▶ **Assignment**: Could you repeat, word for word, the line with "Oさん)「もう、ショートボブ" and every line after it in the records below, leaving out any pictures?
+ + + +
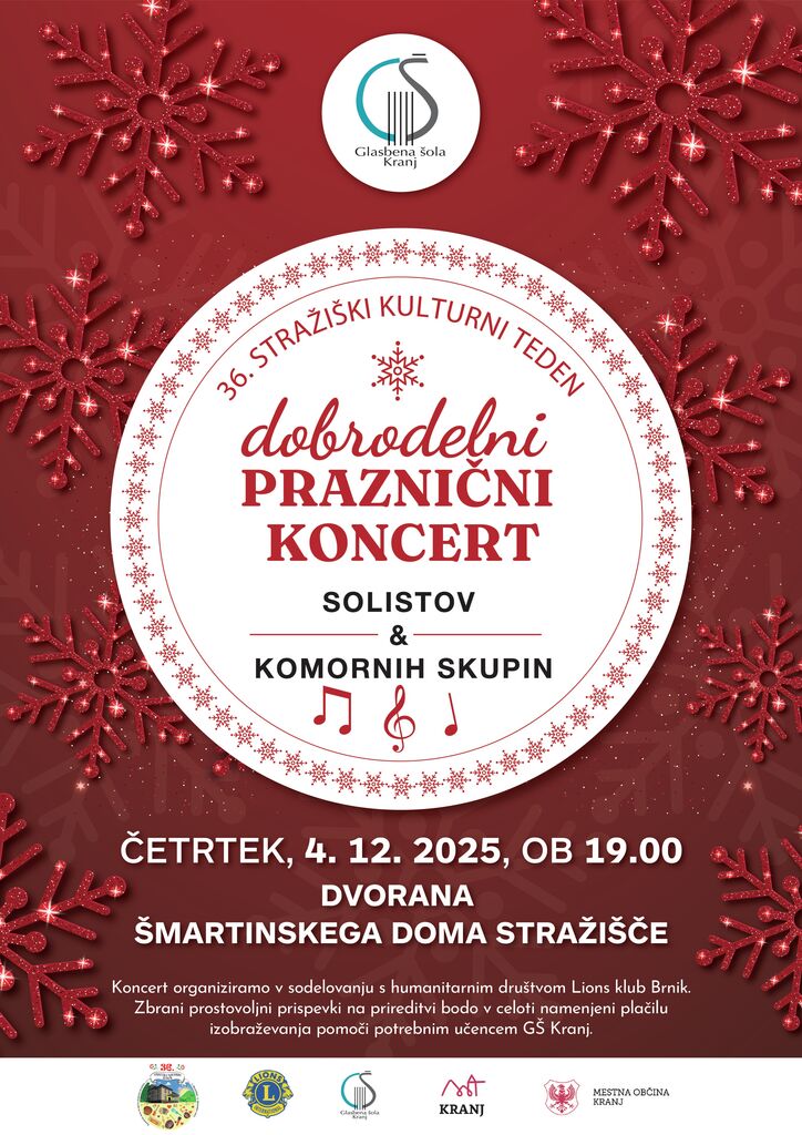 Vabljeni na Dobrodelni praznični koncert solistov in komornih skupin.
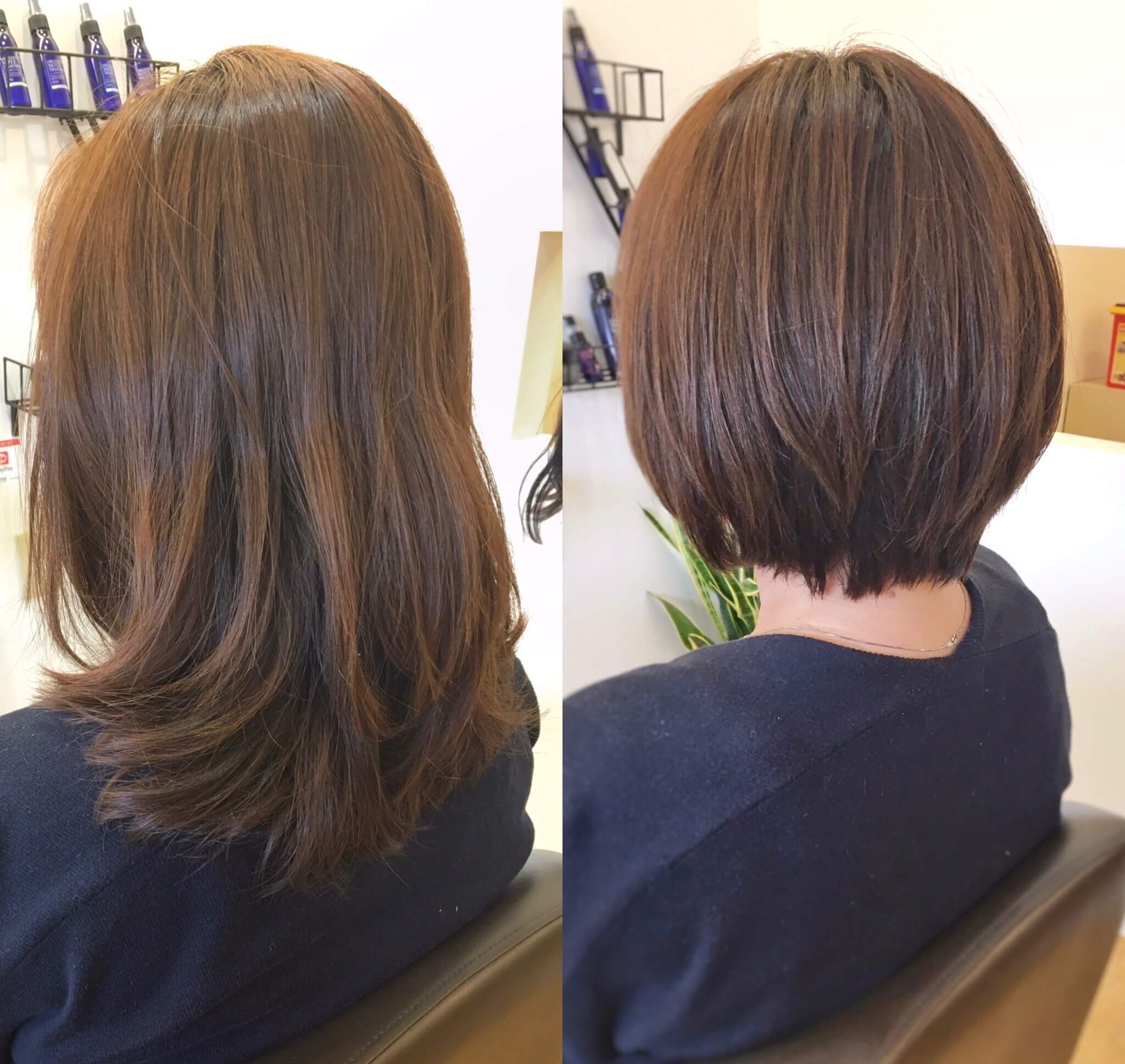 Oさん)「もう、ショートボブぐらいばっさりいこうかと。あとは似合うようにしてください♪」
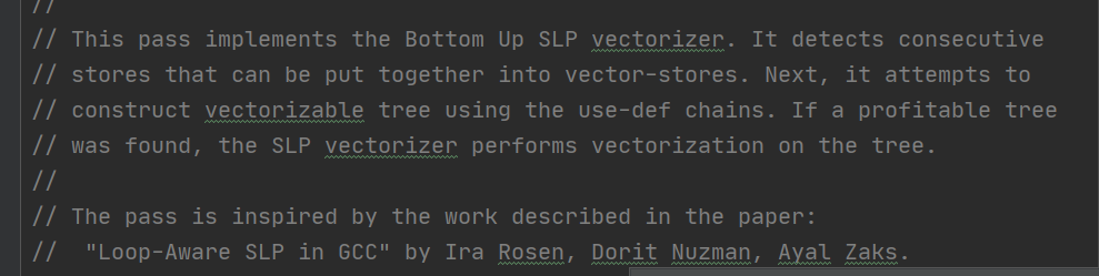 LLVM 中的 SLP vectorization ,是受Loop-Aware SLP in GCC(by Ira Rosen, Dorit Nuzman,Ayal Zaks) [4]这篇论文启发来实现的。
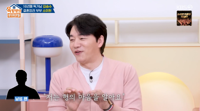 그러자 김승수는 “여기서 확실히 말씀드리는데 혼자 오래 있다 보니까 다양한 생각을 하시는 분들이 있다”면서 “그중 한 남성 팬에게 편지를 받았는데 ‘형, 저는 형의 마음을 알아요. 저한테만 털어놓으셔도 돼요’라고 하더라”라고 말문을 열었다.
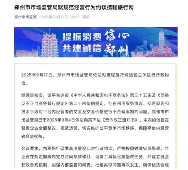 9月17日,郑州市市场监管局的一则公告,将行业巨头携程推至风口浪尖。公告称,已依法对携程运营主体进行行政约谈,直指其涉嫌利用服务协议、交易规则及技术手段,对平台内经营者的交易与价格施以不合理限制。
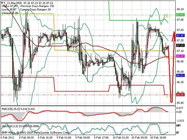 Předpokládaný pohyb pro dnešní den LONG. Případné vstupy do obchodu z hladiny 85.85 s předpokládaným cílem 87.9, případně až 88.5. Proražení hladiny 85.85 může vést k pohybu s pravděpodobným cílem 85.15 až 84.
+ + + +
▶ **Your response**:
 Oさん)「もう、ショートボブぐらいばっさりいこうかと。あとは似合うようにしてください♪」
 LLVM 中的 SLP vectorization ,是受Loop-Aware SLP in GCC(by Ira Rosen, Dorit Nuzman,Ayal Zaks) [4]这篇论文启发来实现的。
 그러자 김승수는 “여기서 확실히 말씀드리는데 혼자 오래 있다 보니까 다양한 생각을 하시는 분들이 있다”면서 “그중 한 남성 팬에게 편지를 받았는데 ‘형, 저는 형의 마음을 알아요. 저한테만 털어놓으셔도 돼요’라고 하더라”라고 말문을 열었다.
 9月17日,郑州市市场监管局的一则公告,将行业巨头携程推至风口浪尖。公告称,已依法对携程运营主体进行行政约谈,直指其涉嫌利用服务协议、交易规则及技术手段,对平台内经营者的交易与价格施以不合理限制。
 Předpokládaný pohyb pro dnešní den LONG. Případné vstupy do obchodu z hladiny 85.85 s předpokládaným cílem 87.9, případně až 88.5. Proražení hladiny 85.85 může vést k pohybu s pravděpodobným cílem 85.15 až 84.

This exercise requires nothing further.